Lake Iznajar

July 20, 2018 - Priego de Córdoba, Spain

The little town of Iznajar sits on top of a steep hill overlooking the Genil River valley. In the 1960s 200 hectares of land and 150,000 olive trees were submerged to create a reservoir, officially 'opened' by Franco in 1969, to supply drinking water and irrigation to local villages. So Iznajar became an inland town with extensive water views, no doubt greatly increasing its tourist potential. Lake Iznajar, as the reservoir is called, is about 30 km long, and almost immediately beneath the town is the wide sandy stretch of Valdearenas Beach.

I was intrigued by the name of the village, and my research revealed that it was named after the Hins Ashar castle built there by the moors in the 8th century. Between Cordoba and Granada, it is near the  southwest border of the province of Cordoba, and, following hundreds of years of various skirmishes, it was retaken by the Christians in 1431, some 60 years before the fall of Granada.

Today's expedition was to Valdearenas Beach, about half an hour's drive from the villa. We all went, in our various hired cars, and drove right onto the sand, beside the inevitable umbrellas shading two sunlounges each. We paid up and settled ourselves down to sunbake, swim or have a turn in one of the kayaks or boats which were sitting on the edge of the water, ready for hire. I had a swim, nodded over my kindle and took some pretty ordinary photos. Most of the others eventually went up to the restaurant on the edge of the beach for lunch, but I didn't feel like it, so sat and minded our gear. Not that there was much need for that, as there were very few other people on the beach even though the day was sunny - totally cloudless in fact - and warm (about mid-30s). I was surprised that there weren't more people as I had seen pictures of the beach when it was quite crowded, and the lake dotted with various craft such as pedal boats, kayaks and wind surfers- no powered craft allowed.

We stayed for a few hours, enjoying being there together in the lovely scenery. When we were getting ready to leave, about mid-afternoon, the Canadians decided they would like to try out one of the pedal boats. These are quite ingenious as they have a tall slide down which you can hurtle into the water.

David, Sarah and I called into Iznajar on the way home. It is a pretty little town with the usual white houses and colourful flowers growing or hanging in the narrow streets. We made our way up to the 'mirador', an open area with a kind of promenade from which there is an extensive view of the lake. There is a castle and a fort in the town, but we contented ourselves with just taking in the views.

As we were driving into the villa carpark, Sam came out to meet us. Will, Emily and Caroline and families were home by this time, but the place had been deserted when Sam arrived, having hired a car and driven up from Malaga airport. We were very disappointed that Lucy, Alfie and Mabel hadn't been able to make it. Sam was about to go into Las Lagunillas for a few supplies so I said I would accompany him.

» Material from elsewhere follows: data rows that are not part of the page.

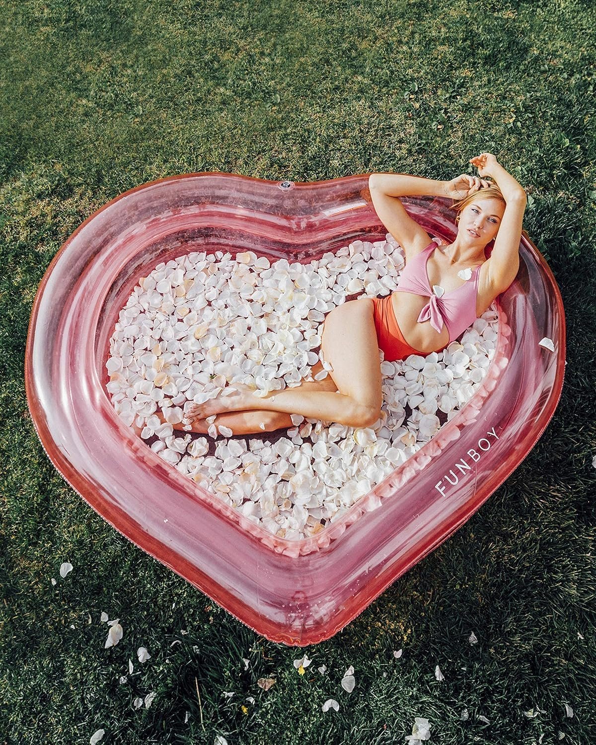 FUNBOY – Piscina inflable gigante de lujo con corazón rosa transparente, diversión durante todo el año para piscinas de pelotas, piscinas, una fiesta de verano en la piscina y la playa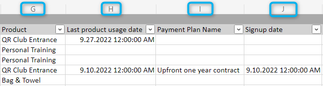 Column H - Last product usage date - this is the date when the Invited person used the Product, i.e. entered the club for free or had their Personal Training session.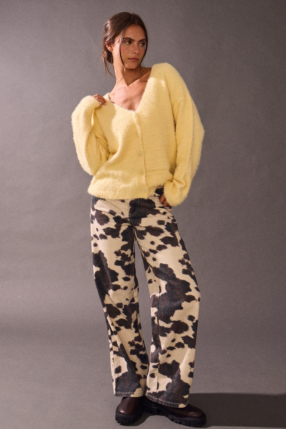 This soft brushed button-up cardigan features a fluffy texture and relaxed fit with dropped shoulders for effortless comfort. Its deep V-neckline and matching button closure offer a clean, refined look. Designed for cozy wear, this versatile piece suits all seasons, making it an essential layering option for any wardrobe.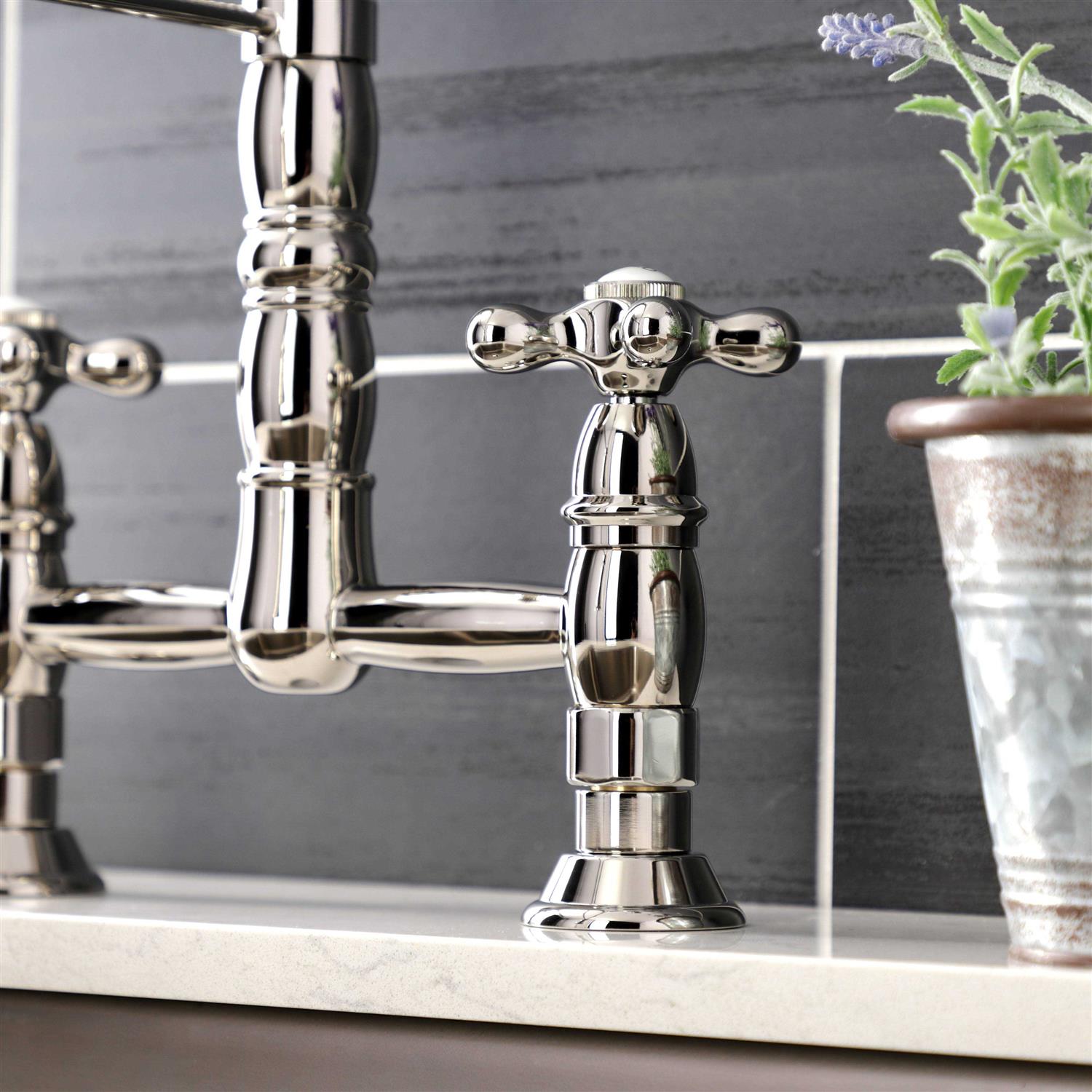 A lavish spark of traditionally stylized glamour is brought to your kitchen ensemble with this beautiful faucet. The Heritage two-handle deck-mount pull-down sprayer kitchen faucet combines elements of both classical design and modern day technology for an enjoyable and optimum dishwashing experience. It features a high arching spout to easily clean larger dishes, swivel ability to reach any area in and around your sink, and a dual function pull-down sprayer to tackle tough messes. Matching accessories are available for use.

It was his second visit for the day as the emptiness of the villa had driven him into town for a quiet pint earlier.I don't think he is as fluent in Spanish as Caroline, but he certainly knows enough of the language to make a shoppping expedition with him less hilariously full of misunderstandings than our last few have been.

We got back in time for the usual melee in the courtyard, during which the Canadians returned, having thoroughly enjoyed their boat ride. Finally, the routine of a barbecue under the vine-covered pergola. What a life!